| Exercise |
Starting from the line that holds "Leper Messiah |", output exactly each line through the end of the listing. Do not copy pictures.

| Supplied information |

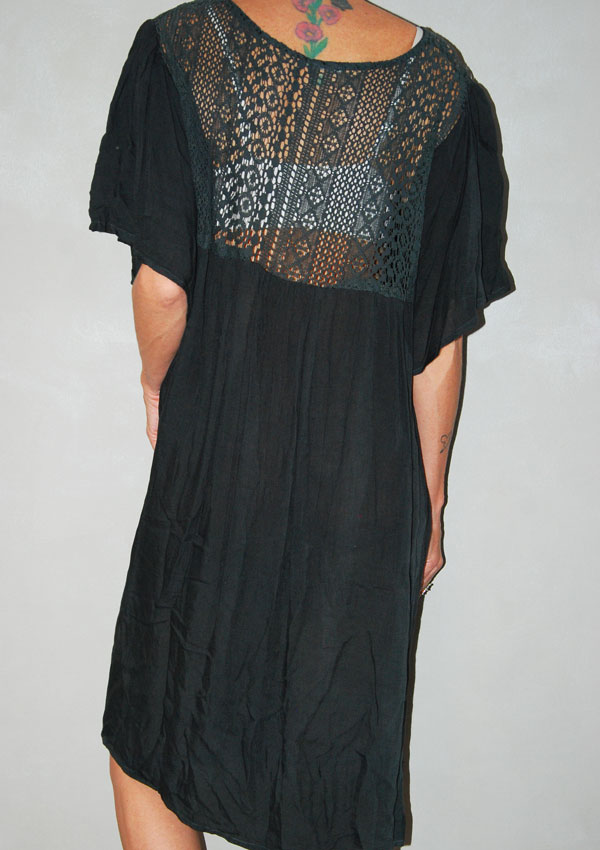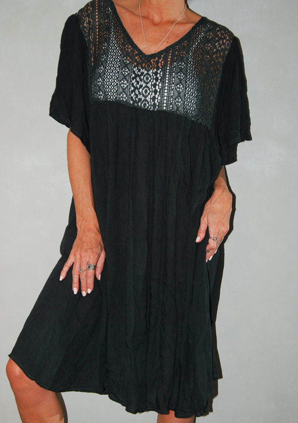 שמלה כותנתית שחורה נושמת וחמודה, חלק עליון קרושט, הדוגמנית לובשת גוזייה לבנה
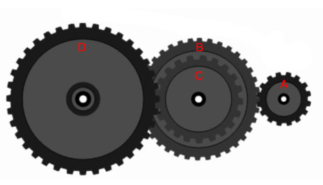 14) 如图所示,若A齿轮是主动轮,B齿轮和C齿轮同轴,以下叙述错误的是?( )
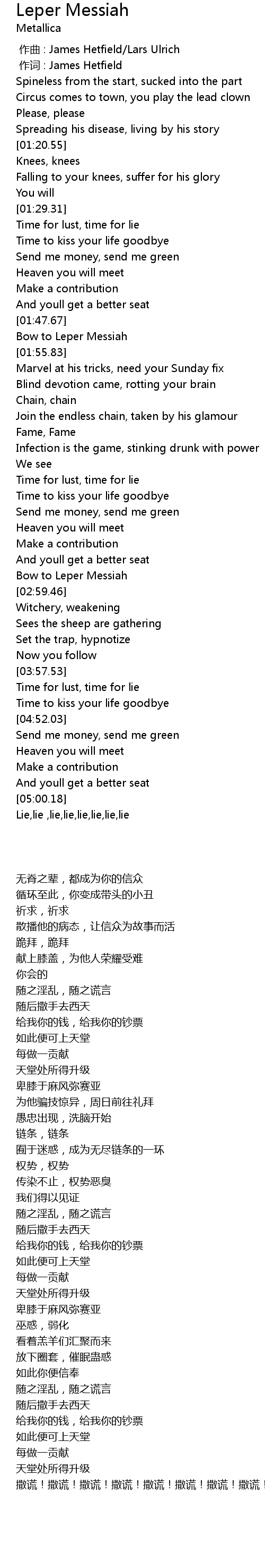 | [01:51.77] | Bow to Leper Messiah |
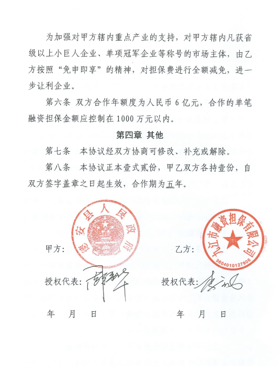 周三连书记对九江融担服务小微的积极成效给予了肯定。同时强调,县有关部门要运用好政府性融资担保体系优势,按照省财政厅要求建立县级风险补偿机制,在整体风险可控的前提下,按照优化营商环境一号改革工程的要求,用情用心把辖内小微企业的融资需求收集好、推荐好,发挥市县担保合作“见贷即保、承诺担保、无感服务”创新举措的积极作用,为辖内重点产业链、重点企业发展提供更多金融服务支撑。

| Response |
 | [01:51.77] | Bow to Leper Messiah |
 周三连书记对九江融担服务小微的积极成效给予了肯定。同时强调,县有关部门要运用好政府性融资担保体系优势,按照省财政厅要求建立县级风险补偿机制,在整体风险可控的前提下,按照优化营商环境一号改革工程的要求,用情用心把辖内小微企业的融资需求收集好、推荐好,发挥市县担保合作“见贷即保、承诺担保、无感服务”创新举措的积极作用,为辖内重点产业链、重点企业发展提供更多金融服务支撑。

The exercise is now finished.